Published on: June 12, 2017

31.0K
An Appetitive Spatial Working Memory Task for Mice in a Semi-Automated 8-Arm Radial Maze, Reducing Fearful Memory Association in the Maze
14:24

An Appetitive Spatial Working Memory Task for Mice in a Semi-Automated 8-Arm Radial Maze, Reducing Fearful Memory Association in the Maze

Published on: July 29, 2025

1.7K

Related Experiment Videos

Last Updated: Mar 6, 2026

Eye Movement Monitoring of Memory
08:06

Eye Movement Monitoring of Memory

Published on: August 15, 2010

15.2K
Assessing Working Memory in Children: The Comprehensive Assessment Battery for Children – Working Memory (CABC-WM)
09:05

Assessing Working Memory in Children: The Comprehensive Assessment Battery for Children – Working Memory (CABC-WM)

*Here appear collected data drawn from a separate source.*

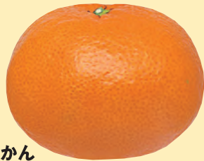
みかん 灰色かび病、貯蔵病害(青かび病、 緑かび病、黒腐病、軸腐病)に有効。 かんきつ 幹腐病に有効。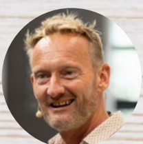
Sven Tietzer TV-Moderator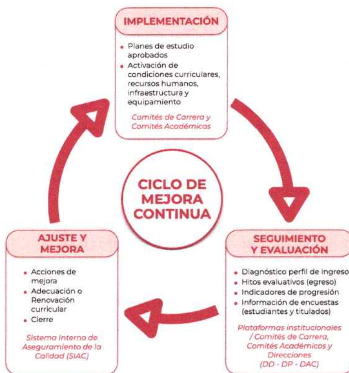
Figura 3. Ciclo de mejora continua de la oferta académica y aseguramiento del Modelo Educativo UCSC.

El ciclo de mejora continua se consolida con la evaluación sistemática del propio Modelo Educativo Institucional, a partir del análisis conjunto de los resultados globales de los procesos de seguimiento y evaluación de las distintas carreras y programas y los desafíos estratégicos de la Universidad, considerando, además, el contexto nacional e internacional de la educación superior. Sobre esa base se analiza la existencia de brechas u oportunidades de mejora y se determina si corresponde un ajuste o actualización; así, el Modelo Educativo de la UCSC se mantiene como un marco dinámico y vigente, orientador de una oferta formativa pertinente, coherente y de calidad.

Published on: June 12, 2017

31.0K
An Appetitive Spatial Working Memory Task for Mice in a Semi-Automated 8-Arm Radial Maze, Reducing Fearful Memory Association in the Maze
14:24

An Appetitive Spatial Working Memory Task for Mice in a Semi-Automated 8-Arm Radial Maze, Reducing Fearful Memory Association in the Maze

Published on: July 29, 2025

1.7K

Area of Science:

  • Cognitive Neuroscience
  • Psychology

Background:

  • Prominent working memory (WM) models propose distinct visual and verbal storage buffers.
  • Behavioral and neural studies support differences between visual and verbal WM storage.
  • Recent research suggests a domain-general WM storage signature independent of content.

Purpose of the Study:

  • To investigate if a content-independent neural signal reflects a general WM storage mechanism.
  • To test the hypothesis that this signal represents a "pointer" operation for contextual binding.
  • To determine if this pointer signal generalizes across different stimulus types (visual, verbal, conjunctions).

Main Methods:

  • Analysis of three datasets, including reanalyzed published data and two novel EEG experiments.
  • Application of multivariate EEG pattern analysis to track neural activity.
  • Comparison of EEG patterns across visual (colors), verbal (letters/words), and combined stimuli (colored words).

Main Results:

  • Multivariate EEG patterns consistently tracked the number of items, irrespective of stimulus type (visual, verbal, or combined).
  • A robust, content-independent load signal was identified, stable across perceptual format and stimulus changes.
  • This signal dissociated from neural activity related to spatial attention and cognitive effort.

Conclusions:

  • Findings support a content-independent neural mechanism for tracking the quantity of items in working memory.
  • Evidence suggests a "pointer" signal generalizes across modalities, supporting contextual binding.
  • A dissociation exists between item-quantity indexing and feature maintenance in working memory.